Transfer learning only works if the initial and target problems are similar enough. Since we are using architectures trained on ImageNet which does image classification, we don’t have any proof of positive correlation between the classes of ImageNet and that of cancerous tissues.

Distribution

For transfer learning to work properly, we need that the distribution of the training data which our pre-trained model has used should be like the data that we are going to face during test time or at least don't vary too much. But since cancer detection is inherently imbalanced classification and classes in ImageNet are fairly balanced, thus transfer learning is at disadvantage here.
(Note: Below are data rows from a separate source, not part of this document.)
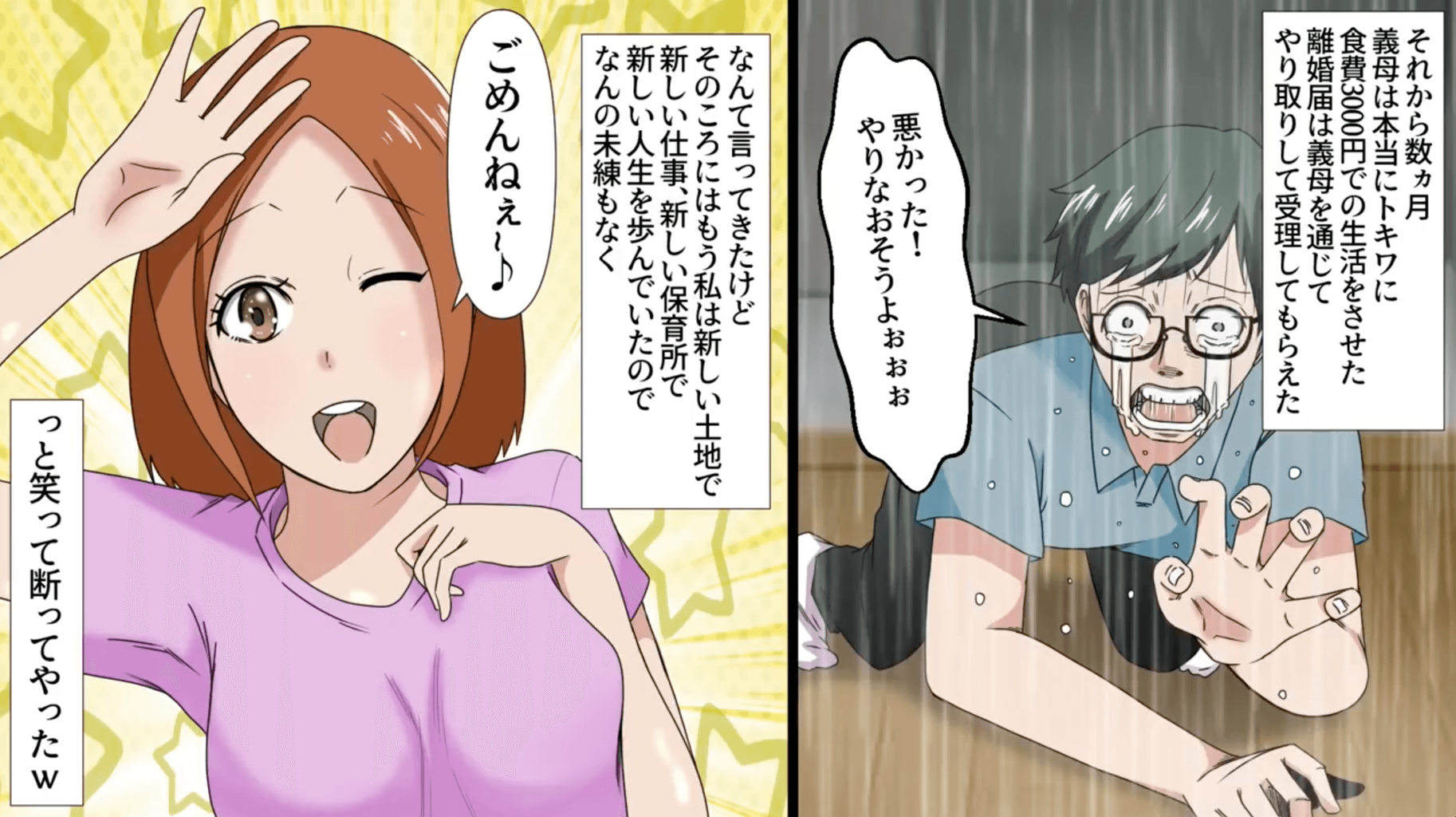 「これからは月5000円でやりくりしろ」仕事を辞めさせられた上に生活費を月5000円しか渡してくれない夫。ギリギリの生活に耐える中、夫が持つ通帳を確認すると【完】 2023年09月03日 18:00 こちらの漫画は完結です(✨次回の漫画も見てね✨)動画で見る(✨YouTubeへ飛びます✨)ナレーションついてるよ〜( ・∇・)完結済みのお話はこちらです(スカッとする話のオススメは下記から) 完結済みのお話はこちらです(衝撃的な体験のオススメは下記から) サクッと読めるショートストーリーはこちら 「スカッとする話」カテゴリの最新記事 タグ :#スカッとする話#生活費#スカッと漫画#エネ夫#金銭感覚 < 前の記事次の記事 > コメント コメントフォーム 名前 コメント 記事の評価 リセット リセット 顔 星 情報を記憶 コメントを投稿する
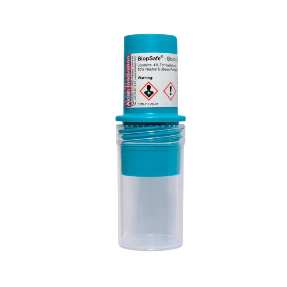 Contenedor Biopsafe – Seguridad total en el transporte de biopsias Recipiente hermético de 20 ml que aísla completamente el formol. Conserva tejidos biopsiados de forma segura hasta su análisis médico.
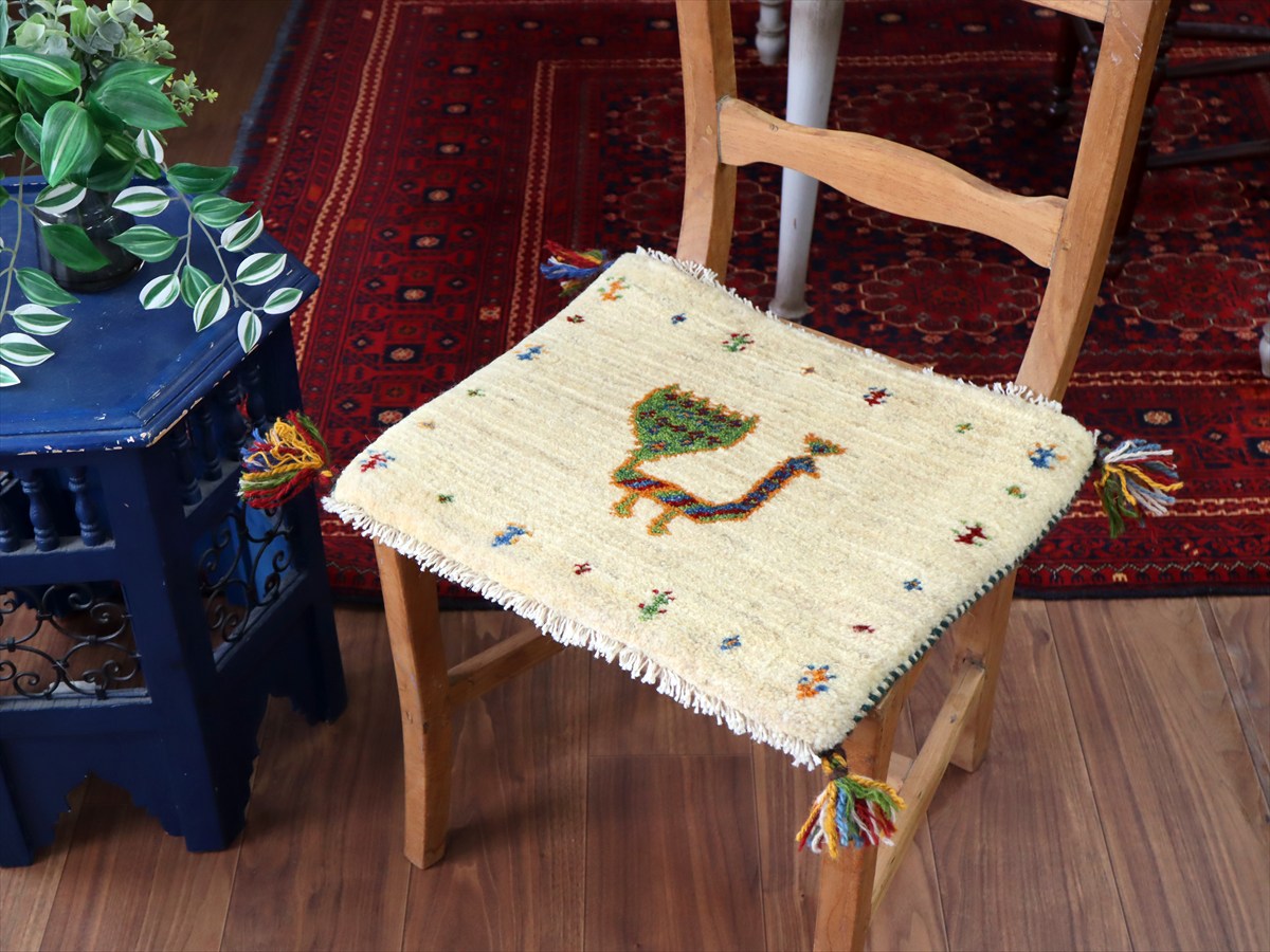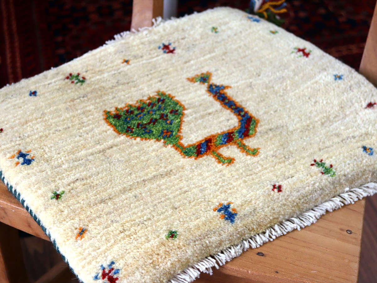 ギャッベ イラン産手織り 座布団サイズ38×43cm ナチュラルアイボリー カラフルな孔雀
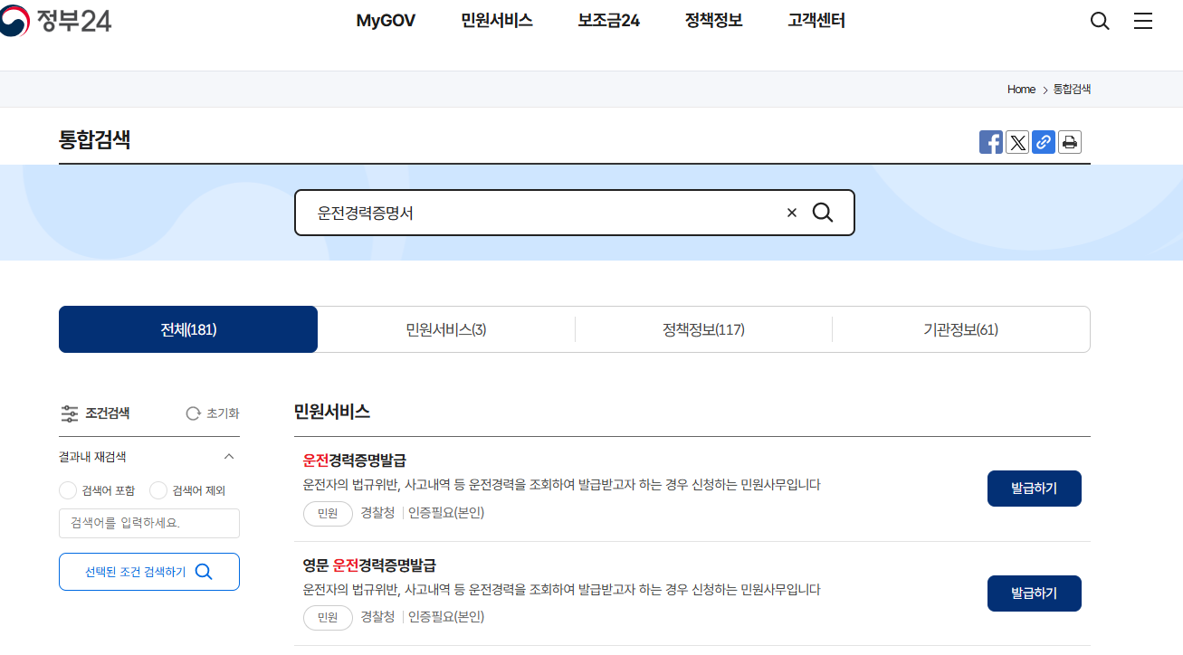 운전면허증 갱신하면 언제 발급받았는지 궁금하시죠? 아니면 사고이력 벌금이력이 궁금하십니까?  모두 정부24에서 해결가능합니다.정부24 정부서비스 | 정부24정부24는 정부의 민원 서비스, 정부혜택(보조금24), 정책정보/기관정보 등을 한 곳에서 한 눈에 찾을 수 있고 각 기관의 주요 서비스를 신청·조회·발급할 수 있는 대한민국 정부 대표 포털입니다www.gov.kr ▼  + 전체경력이나 위반경력을 숨기고 싶으시면 기간을 선택해서 출력가능하십니다. ▼+  이렇게 이력확인 및 출력이 가능합니다.
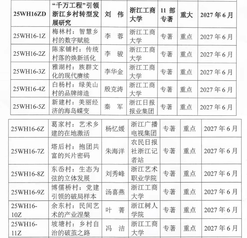 根据《浙江文化研究工程项目管理办法》,经专家评审,浙江省哲学社会科学工作办公室审批,近日,2025年浙江文化研究工程第二批立项项目名单正式公布。由未来传播学院教师团队牵头申报的“‘千万工程’引领浙江乡村转型发展研究”获得立项。该项目共有11项子课题,由我院联合浙江日报报业集团、浙江广播电视集团、农民日报社浙江记者站、浙江艺术职业学院、浙江树人学院等单位共同实施。课题组将加强与媒体单位合作,着力构建“学术研究+媒体实践”协同创新模式,研究中注重实践性、理论性与传播力的融通,为新时代浙江文化建设与发展注入新动能。
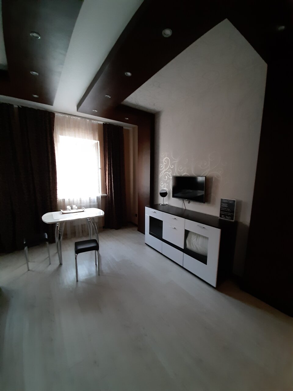 Соответсвует всем фото. Чисто, тихо, парковка на территории, приятные хозяева. На этаже холодильник с морозилкой, кулер, чайник. В 5 минутах езды есть неплохое кафе.
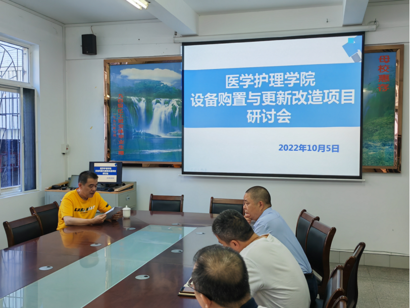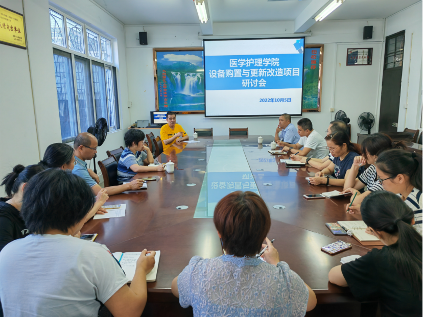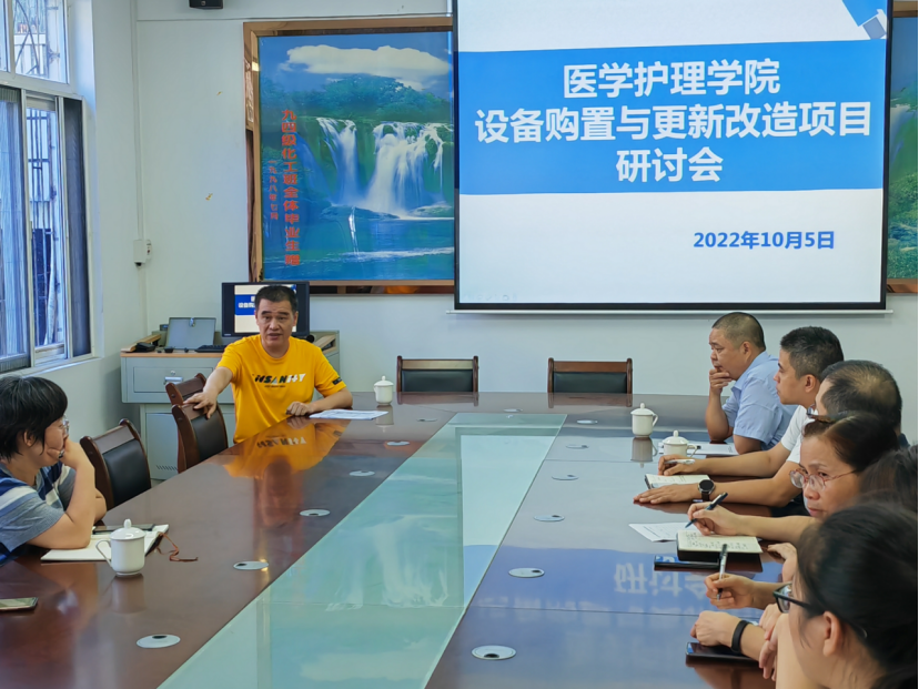 10月5日上午,校党委书记卢伟耀深入医学护理学院,参加医护学院智慧健康服务产教融合实训基地建设项目设备购置与更新改造研讨会,学院班子成员、专业主任、教研室主任及相关老师参加了研讨会。

Therefore, to overcome the demerits of transfer learning, we solve the “PatchCamelyon” problem hosted on ‘www.grand-challenge.org’. This problem is of cancerous tissue detection in which we are provided with a dataset of 327,680 colour images (96 x 96px) extracted from histopathologic scans of lymph node sections. Each image is annotated with a binary label indicating presence of metastatic tissue. We again use the data augmentation techniques which we suggested earlier and use an ensemble(soft voting) of XceptionNet, ResNext and CapsuleNet for predictions. Instead of traditional learning technique in which the learning rate is either fixed or degrades by a fixed ratio, we use cyclic restarts so that the model finds flatter minima and generalises well. Also each model uses weight space Ensembling instead of model space ensembling(also referred to as snapshot ensembling) since ensembling in weight space generalise better. Applying all these techniques yields us AUC(metric used for evaluation of PatchCamelyon challenge) of 0.958.